• **Assignment**
Could you give the data that follows again exactly, without its pictures?

• **Dataset extract**
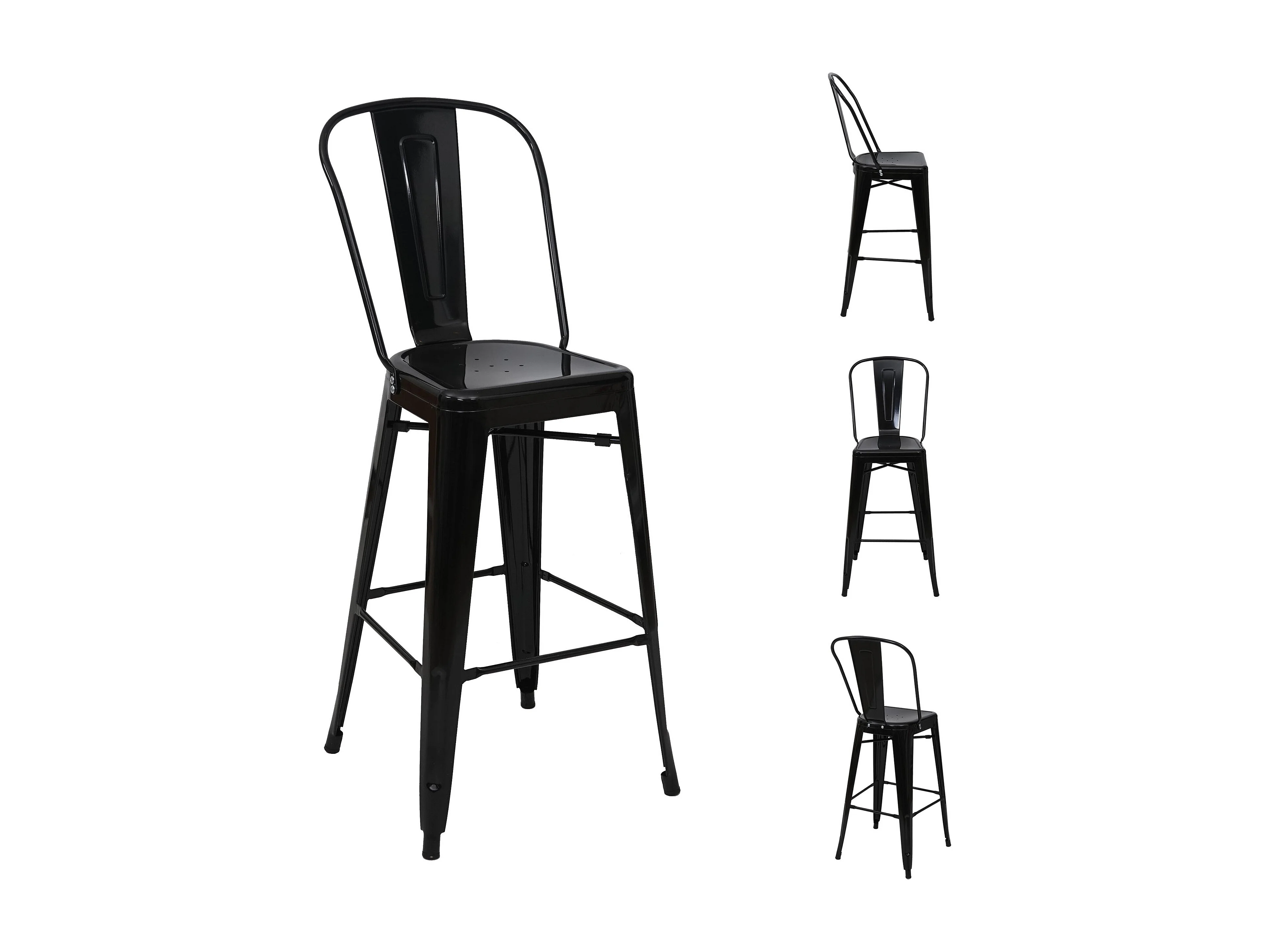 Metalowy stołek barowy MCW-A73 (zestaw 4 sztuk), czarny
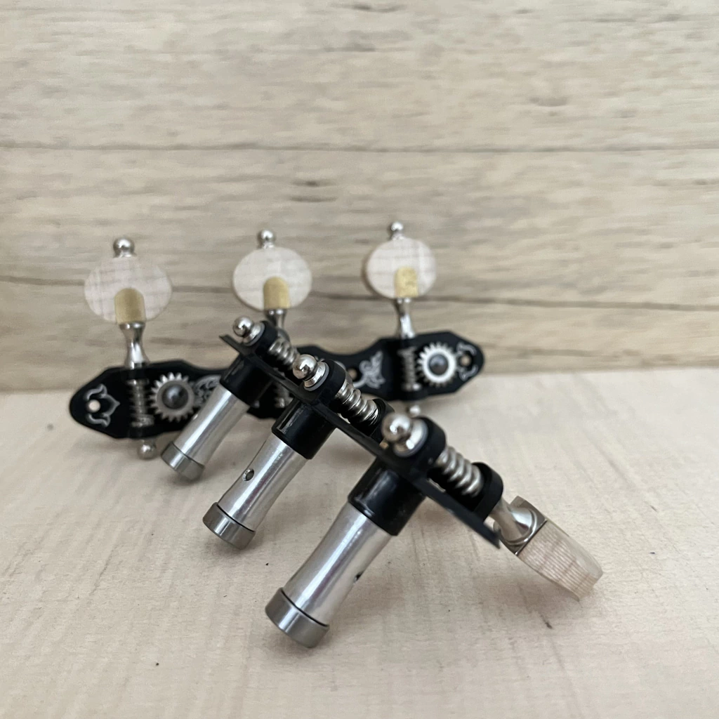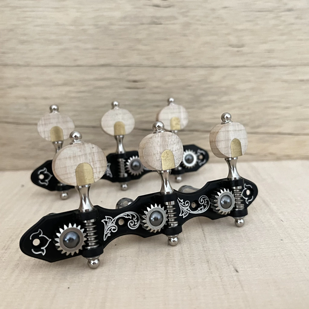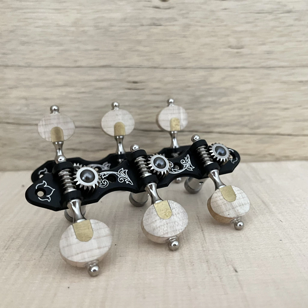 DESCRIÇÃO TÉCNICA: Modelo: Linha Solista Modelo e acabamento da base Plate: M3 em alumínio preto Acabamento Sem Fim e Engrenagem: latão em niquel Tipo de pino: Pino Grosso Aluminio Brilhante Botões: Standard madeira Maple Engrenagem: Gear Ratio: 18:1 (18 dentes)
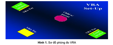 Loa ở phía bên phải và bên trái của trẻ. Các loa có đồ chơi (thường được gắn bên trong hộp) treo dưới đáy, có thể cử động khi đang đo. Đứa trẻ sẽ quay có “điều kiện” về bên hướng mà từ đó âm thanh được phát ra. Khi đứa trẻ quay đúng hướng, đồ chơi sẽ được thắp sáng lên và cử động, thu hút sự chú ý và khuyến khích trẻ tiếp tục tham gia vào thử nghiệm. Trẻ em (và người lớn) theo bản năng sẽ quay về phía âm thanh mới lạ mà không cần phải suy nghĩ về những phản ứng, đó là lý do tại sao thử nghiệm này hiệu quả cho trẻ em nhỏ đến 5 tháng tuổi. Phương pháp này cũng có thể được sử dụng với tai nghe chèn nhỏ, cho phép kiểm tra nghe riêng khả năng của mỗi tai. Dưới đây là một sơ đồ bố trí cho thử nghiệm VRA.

• **Response box**
 Metalowy stołek barowy MCW-A73 (zestaw 4 sztuk), czarny
 DESCRIÇÃO TÉCNICA: Modelo: Linha Solista Modelo e acabamento da base Plate: M3 em alumínio preto Acabamento Sem Fim e Engrenagem: latão em niquel Tipo de pino: Pino Grosso Aluminio Brilhante Botões: Standard madeira Maple Engrenagem: Gear Ratio: 18:1 (18 dentes)
 Loa ở phía bên phải và bên trái của trẻ. Các loa có đồ chơi (thường được gắn bên trong hộp) treo dưới đáy, có thể cử động khi đang đo. Đứa trẻ sẽ quay có “điều kiện” về bên hướng mà từ đó âm thanh được phát ra. Khi đứa trẻ quay đúng hướng, đồ chơi sẽ được thắp sáng lên và cử động, thu hút sự chú ý và khuyến khích trẻ tiếp tục tham gia vào thử nghiệm. Trẻ em (và người lớn) theo bản năng sẽ quay về phía âm thanh mới lạ mà không cần phải suy nghĩ về những phản ứng, đó là lý do tại sao thử nghiệm này hiệu quả cho trẻ em nhỏ đến 5 tháng tuổi. Phương pháp này cũng có thể được sử dụng với tai nghe chèn nhỏ, cho phép kiểm tra nghe riêng khả năng của mỗi tai. Dưới đây là một sơ đồ bố trí cho thử nghiệm VRA.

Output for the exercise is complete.